Input for this task >>
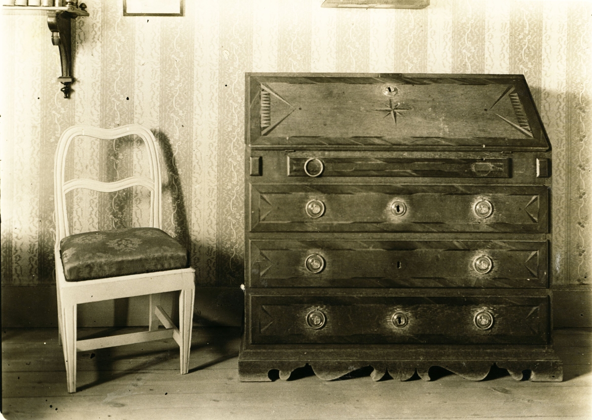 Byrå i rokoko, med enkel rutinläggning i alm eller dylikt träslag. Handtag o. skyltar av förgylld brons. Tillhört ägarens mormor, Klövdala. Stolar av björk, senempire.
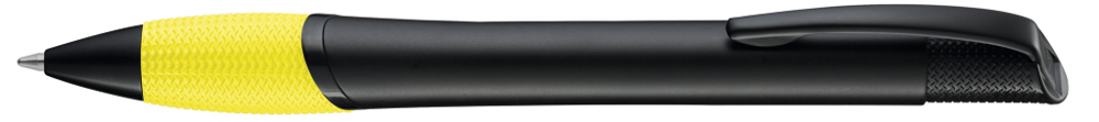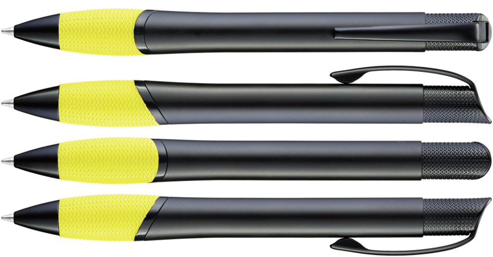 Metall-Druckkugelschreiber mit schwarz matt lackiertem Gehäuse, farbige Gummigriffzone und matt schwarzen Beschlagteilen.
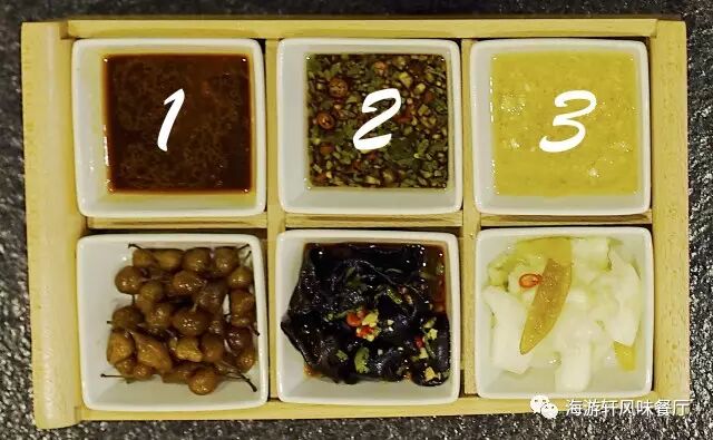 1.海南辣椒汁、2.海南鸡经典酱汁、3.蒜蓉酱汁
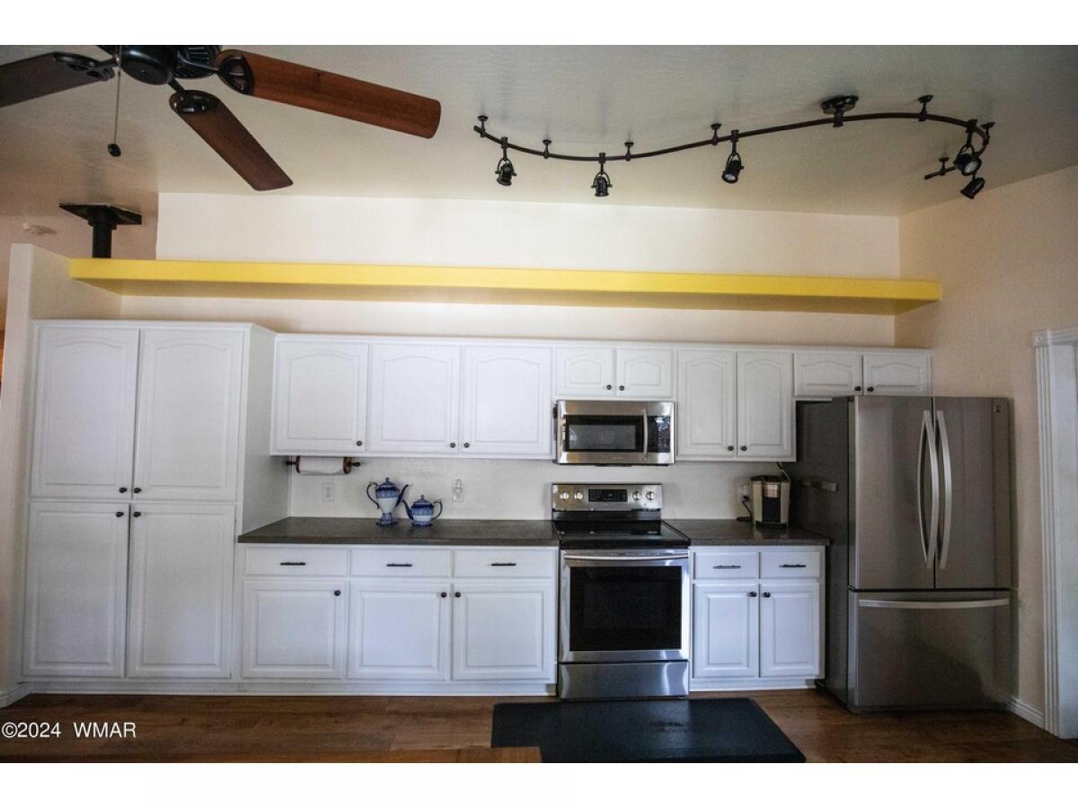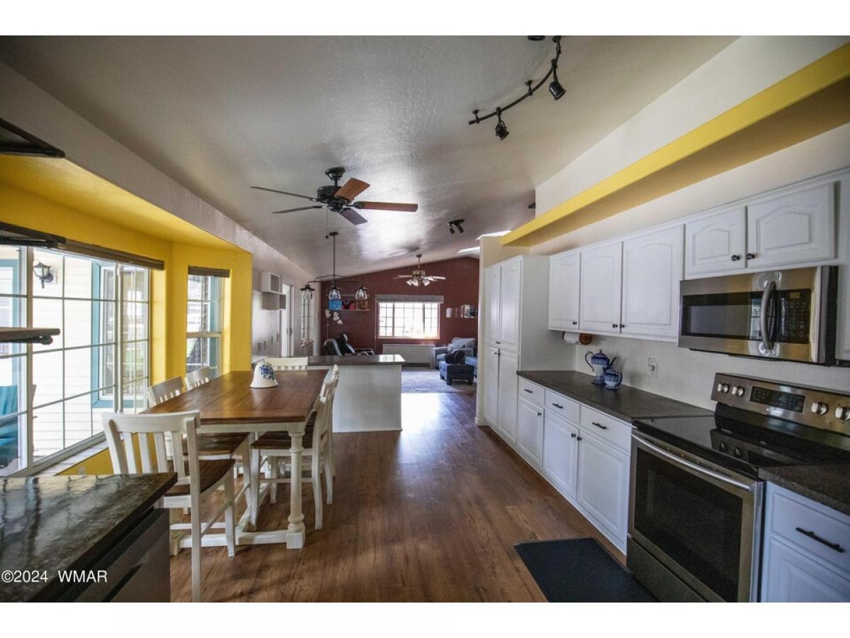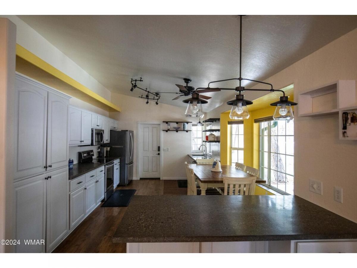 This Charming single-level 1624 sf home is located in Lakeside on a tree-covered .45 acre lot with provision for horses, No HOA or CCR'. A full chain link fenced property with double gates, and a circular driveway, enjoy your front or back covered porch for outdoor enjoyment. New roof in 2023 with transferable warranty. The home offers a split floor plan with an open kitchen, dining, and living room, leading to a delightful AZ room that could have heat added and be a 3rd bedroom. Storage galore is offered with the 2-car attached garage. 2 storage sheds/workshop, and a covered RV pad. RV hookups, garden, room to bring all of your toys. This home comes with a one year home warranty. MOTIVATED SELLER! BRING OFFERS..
==
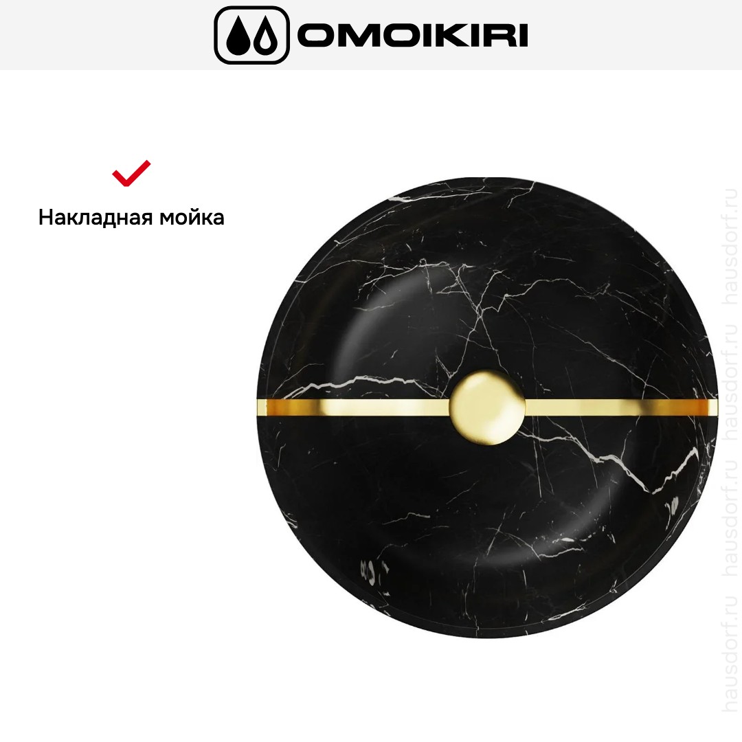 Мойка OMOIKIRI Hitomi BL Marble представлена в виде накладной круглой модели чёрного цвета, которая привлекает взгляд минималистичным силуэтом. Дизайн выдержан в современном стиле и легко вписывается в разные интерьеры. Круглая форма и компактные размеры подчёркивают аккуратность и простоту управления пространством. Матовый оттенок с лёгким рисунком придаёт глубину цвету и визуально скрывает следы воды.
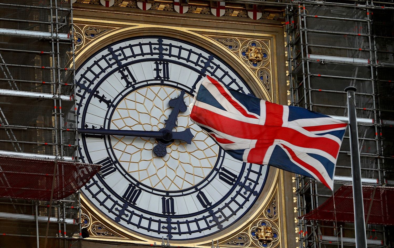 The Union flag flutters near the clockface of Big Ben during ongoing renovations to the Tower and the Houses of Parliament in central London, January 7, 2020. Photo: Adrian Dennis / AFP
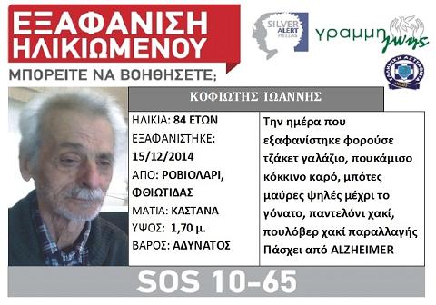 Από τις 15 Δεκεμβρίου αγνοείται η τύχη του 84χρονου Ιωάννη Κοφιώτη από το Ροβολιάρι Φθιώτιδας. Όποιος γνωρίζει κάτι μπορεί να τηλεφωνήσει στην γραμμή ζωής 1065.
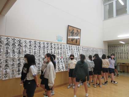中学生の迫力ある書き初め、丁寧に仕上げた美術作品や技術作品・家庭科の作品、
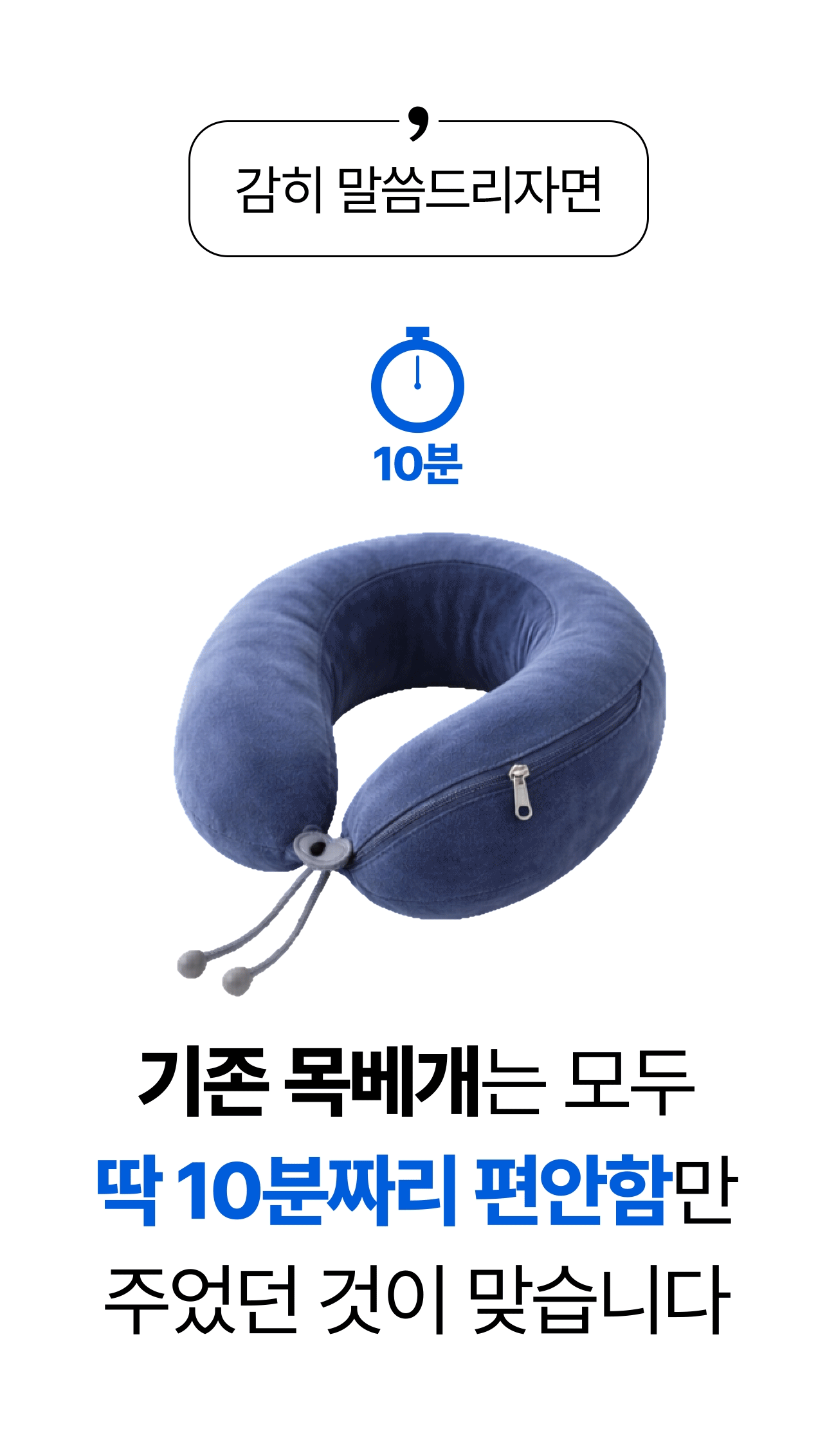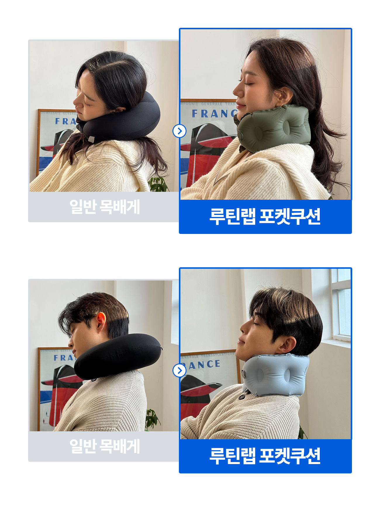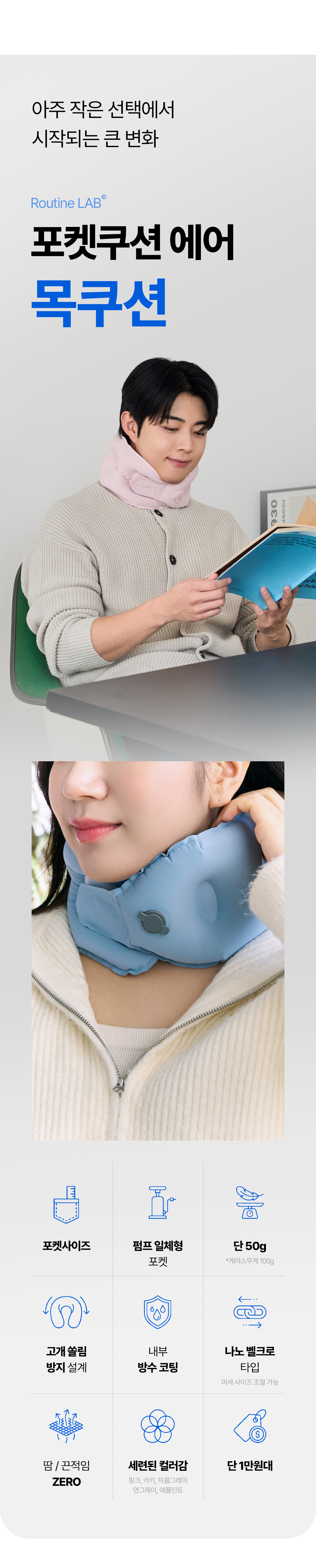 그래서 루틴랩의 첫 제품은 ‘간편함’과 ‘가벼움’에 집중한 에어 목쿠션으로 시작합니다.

What to work on >> Without the pictures, set down the lines above from the line with "Byrå i rokoko, med" up to and including the line with "1.海南辣椒汁、2.海南鸡经典酱汁、3.蒜蓉酱汁" exactly as they stand.

Written answer >>
 Byrå i rokoko, med enkel rutinläggning i alm eller dylikt träslag. Handtag o. skyltar av förgylld brons. Tillhört ägarens mormor, Klövdala. Stolar av björk, senempire.
 Metall-Druckkugelschreiber mit schwarz matt lackiertem Gehäuse, farbige Gummigriffzone und matt schwarzen Beschlagteilen.
 1.海南辣椒汁、2.海南鸡经典酱汁、3.蒜蓉酱汁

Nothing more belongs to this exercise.